Departamento de Alergología, Facultad de Medicina, Universidad de Navarra, Pamplona, Spain
In a series of works done on humans patterned after animal experimental models, we created an in vitro model which allowed us to produce soluble IgE regulator factors. We observed its biological activity in IgE synthesis and constructed changes that protein fractions from affinity chromatography (fractions enriched in soluble regulator IgE factors) exercised on IgE receptor expression. We then decided to determine the molecular weight of each one of the active protein fractions.
We performed electrophoresis on the gel of polyacrylamide (Weber-Osborn technique). Protein bands were processed, with the aim of isolating the gel and quantifying the biological activity. The protein fractions obtained from the chromatographies with affinity to CON-A sepharose were subjected to electrophoresis in polyacrylamide gel, with the aim of obtaining molecular weights of proteins comprising it. Using rosette technique, there were no changes seen in Fc epsilon expression just as what happened in the experiment with material fractionated by chromatography.
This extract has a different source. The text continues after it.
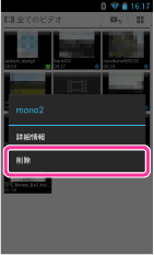 一覧に表示されたものから削除したいビデオのサムネイルを選択して長押ししてください。 ビデオのサブメニュー画面が表示されます。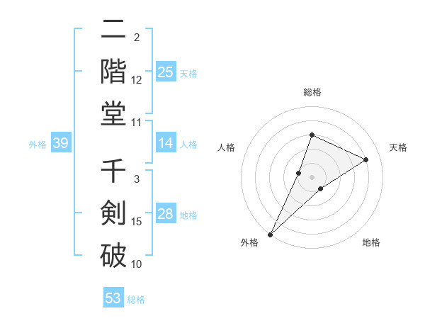 二階堂 千剣破さんを姓名の画数から五運を鑑定

However, these changes are produced and are statistically significant using the immunofluorescence technique. The highest inhibition of rosettes or immunofluorescence is that of the protein band of 10,000 daltons extracted in NaCl and that of 20,000 daltons extracted in PBS. Both effects are similar.
The inhibition reached by the 20,000 dalton band in NaCl is less although there are no significant differences. The material extracted in PBS of the band between 6.9 and 7.2 mm of gel (G4) did not have any changes. None of the proteins added to the culture medium had any effects of receptor gamma expression. The average values of the receptor expression was similar to basal levels.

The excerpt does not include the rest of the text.